The price is still 62,500 if traveling in 2016, but effective immediately for all flights on 01 January 01, 2017 or later, a one-way award will now cost 70K.
Here are two examples–
The fact is, with a bit of effort you can still piece together nice routings to Europe (up to three segments in each direction) at the saver level — this remains one of the most valuable uses of Delta miles.
True, the price increase is modest and merely matches what United charges to fly its Star Alliance partner members, but the sin is not in the new price but in the lack of the notice.
Delta somehow thinks that notice has been provided because “the changes do not take effect until January 1st”. That is flawed logic because the changes actually take effect immediately for travel on or after January 01, 2017.
It should not come as a surprise though — Delta did the same thing for business class redemptions to Asia (70-80K), Africa (70-80 [80-95K for South Africa]), and Oceania (80-95K) earlier this year. It was only a matter of time before Europe also was raised.
Be wary of further cutbacks and devaluations at Delta. Without an award chart, there is really is no “devaluation” — the new mantra is that the computer tells us the price and that is the price.
Issue Two: American Airlines Raises Prices of AAnytime Awards
American Airlines has two award tiers — sAAver and AAnytime awards. Saver awards offer access to a more limited inventory but are fixed in price and generally good bargains, the sort you want to redeem for.
But sometimes you need to travel to a certain place on a certain day and that is where anytime awards can be very helpful. These used to be fix-priced awards as well–just double the price of a saver award–but prices were raised and three tiers were introduced in 2014 (without notice). Then additional higher tiers were introduced on premium transcon routes between New York and San Francisco/Los Angeles.

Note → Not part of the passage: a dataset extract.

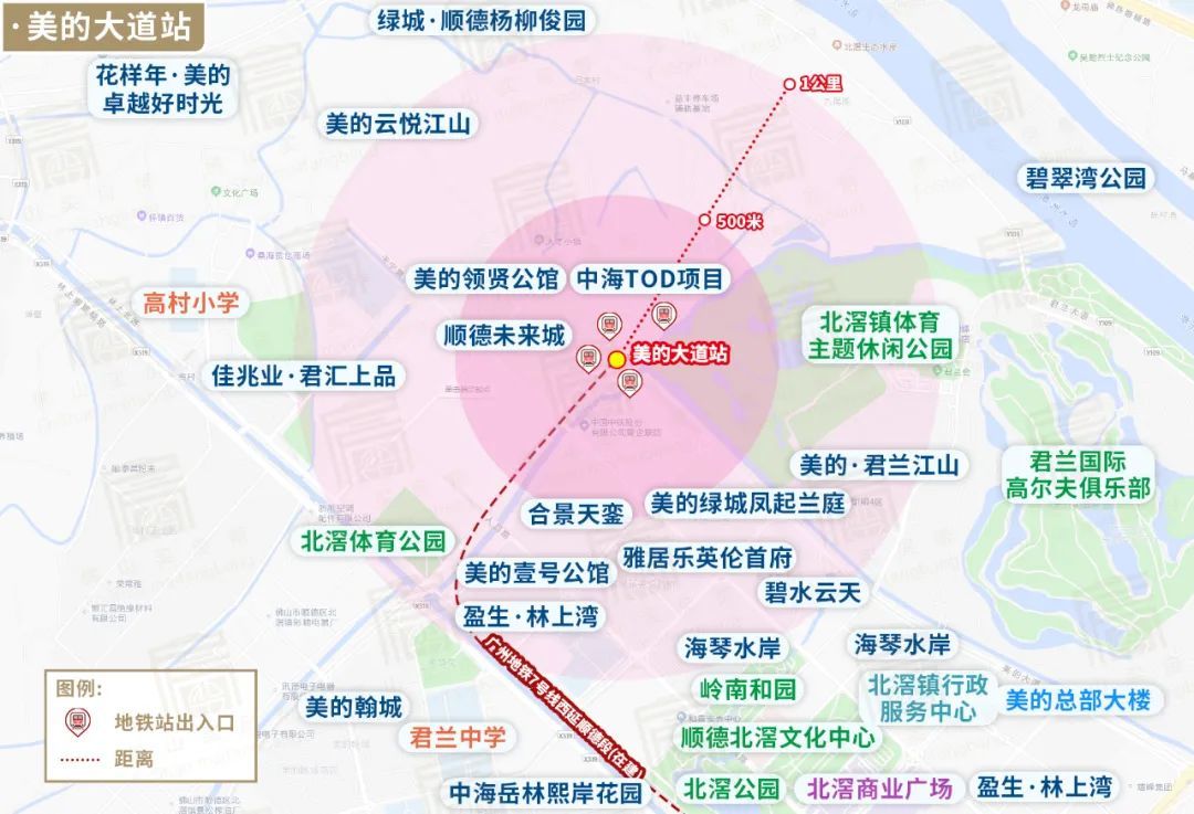 美的大道站是7号线终点站,位于北滘新城北部,目前设置了4个出入口,站点旁有和祐国际医院在建,周边还规划一所九年一贯制学校。

Some days were more expensive than others, but anytime/standard level prices did not vary on a single day: all flights priced at the same level. They also did not fluctuate — you could see prices for, say 110K one-way on a certain day and know that you could return in a few weeks and the price would be unchanged. Not anymore.
At least on premium transcon routes, that is no longer the case — some flights are more expensive than others on a single day (in looking at the award calendar, this in fact occurs every day). For example–
What does that mean? Logically it makes sense — a demand for an early morning or redeye flight may be higher than a late morning or late afternoon flight and therefore it makes sense to charge more. What doesn’t make sense is that AA just made the change without notice. AA’s defense is that the highest rate did not go up, so it is not really a devaluation.

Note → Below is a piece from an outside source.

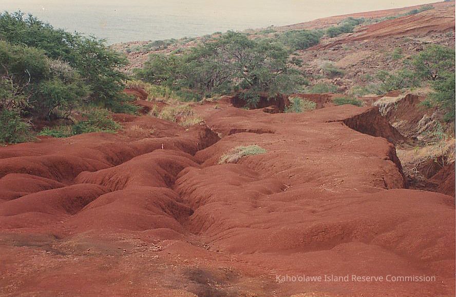 Color photo of hardpan gullies with kiawe trees and the ocean in the background.

As an aside, premium cabin prices prices are rising on American flights to Australia and New Zealand — business will rise as high as 375k miles one-way and first class may be as high as 420k miles one-way. This is a huge increase, but will not kick in until late September (no specific date has been announced). AA already raised prices on these routes in March.
Exit Question: When Will the Airlines Learn?
Two legacy carriers, two loyalty programs, two devaluations without notice. When will they learn?
They won’t.
Trust me, you’d be a fool to trust them. I still believe unannounced devaluations do more harm than good to an airline, but I am speaking almost philosophically here: I haven’t seen raw numbers but I do know Delta continues to report tremendous profit and sees no advantage to maintaining any perks of its loyalty program that it can get away with eliminating (just ask Karen Zachary).
Your miles are a depreciating asset and you are advised to use them sooner rather than later. You never know when you will wake up and find that they buy just a fraction of what they bought the day before.
I think they’ve already learned. Miles are for selling to banks, not for giving away to customers for free. And the outstanding liability can be easily be inflated away by higher prices for redemptions.
When you think about it- when was the last time anyone other than a mileage runner influenced their purchasing behavior based purely on RDM? I wouldn’t be surprised if airline data said that only EQM drove loyalty and RDM didn’t matter, at least at the margins.